Halbuki hemen hemen hepsi bayramda çocuklarını memnun edecek bir bayrama kavuşamayacak olmanın ezikliğini hissediyor. Kim istemez yaz mevsiminin başına denk gelen bu bayramda olanakları elverdiğince bir deniz kenarında ya da bir yaylada çocukları ile üç gün de olsa güzel bir tatil yapıp dinlenmeyi. Fakat ne mümkün! Bir eski müteahhit arkadaşla Pazar gün sohbet ediyoruz. Aktif çalıştığı günlerde bir iş hanı yapmış. Bugünlerde iş hanı dan aldığı kira ile mütevazı bir yaşam sürdürmeye çalışıyor. Bu günlerde geçim sıkıntısı çektiğini dile getiriyor. Çünkü iş hanındaki kiracı sayısı üçte b ire inmiş. Mevcut kiracılar da düzenli olarak kira ödemesi yapamıyormuş.
İşte size 2017 yılının şeker bayramına girdiğimiz günlerdeki Türkiye manzarası….! Bir yanda kirasını ödeyemediği için kapanan iş yerleri, iş hanı sahibi olduğu halde kirasını alamadığı için geçim sıkıntısı çeken eski müte-ahhitler, diğer tarafta milletin orasına-burasına koyan günümüz müteahhitleri..

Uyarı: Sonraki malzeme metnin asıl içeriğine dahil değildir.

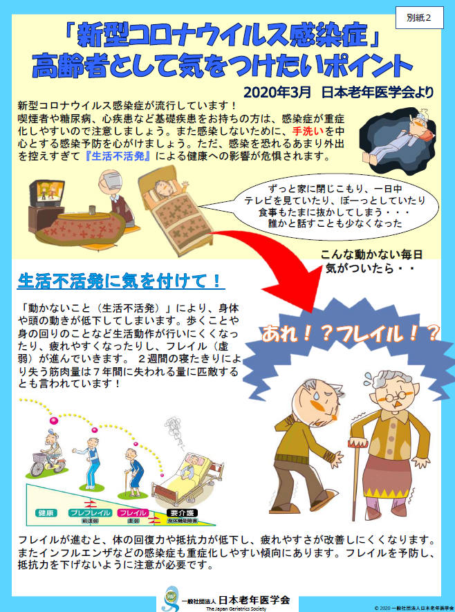 - 高齢者の皆さまへ~新型コロナウイルス予防+元気でいるために~[PDF:564KB]

Umarım yaşadığımız ortamdaki bazı gerçekleri görürüz. Kafamızı gömülü olan kumdan kaldırır, biraz sağımıza solumuza bakarız. Bu bayramın bu bağlamda insanların gözlerinin açıldığı, gerçeklerin görüldüğü bir bayram olmasını diliyorum. Hissiyattan uzak, realist insanların arttığı bir bayram olmasını diliyorum. Ülkemiz başta olmak üzere Uzak Doğu’dan Alaska’ya, Kuzey Kutbu’ndan Güney Kutbu’na herkesin hür ve özgürce yaşadığı bir dünya temenni ediyorum.